While many patients suffer, various cancers continue to be a challenge for the doctors to diagnose and treat. Significant strides have been made over the past decade in treating cancer and developing diagnostic tools, but there is much to improve. This is especially true when it comes to the development of effective anticancer drugs. Traditionally, scientists within the pharmaceutical industry have relied on 2D cell culture to test cancer medications. While 2D models have guided much of our understanding to date and have played an important part in getting us to where we are, they fail to accurately recapitulate cell interactions that take place in cancerous tissues. 

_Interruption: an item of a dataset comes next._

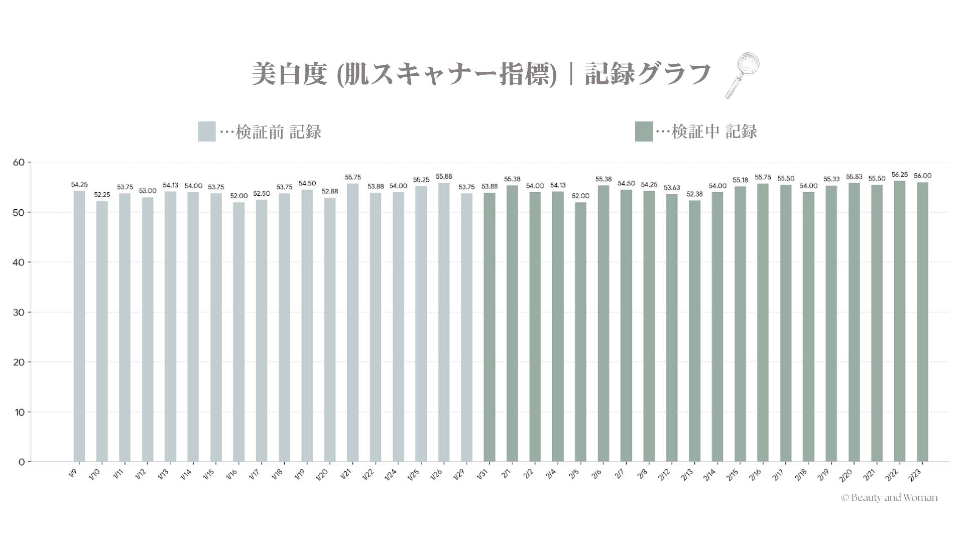 ※「美白度」:筆者が使用する家庭用の測定機器(BELLATECH 肌スキャナー)では、毎日の測定で表示される項目の1つに「美白度」があります。これは "肌の明るさ(数値が高いほど 肌が明るいという意味)"などを示す機器独自の指標(目安)であり、医薬部外品で言われる「美白(メラニンの生成を抑え、しみ・そばかすを防ぐ)」の効能を保証しているものではありません。

On the other hand, 3D bioprinting has shown exceptional promise and potential in helping us move forward from planar cell culture to develop in vitro models that are more physiologically relevant. More specifically, through automation, precision and the clever use of biomaterials, bioprinting provides a method to better mimic the complex tumor microenvironment in a repeatable and high-throughput manner.

 

In one of our webinars, Dr. Yoshie discussed the issues researchers must consider when exploring 3D bioprinting in the world of cancer research. Everything from the bioinks, cell types and structural designs to the printing conditions can influence biochemical interactions, how cells interact with each other and the overall accuracy of a model. Dr. Yoshie also presented specific fields within bioprinting that are currently being explored such as cancer microenvironment, cancer metastasis, cancer angiogenesis, drug screening and many more.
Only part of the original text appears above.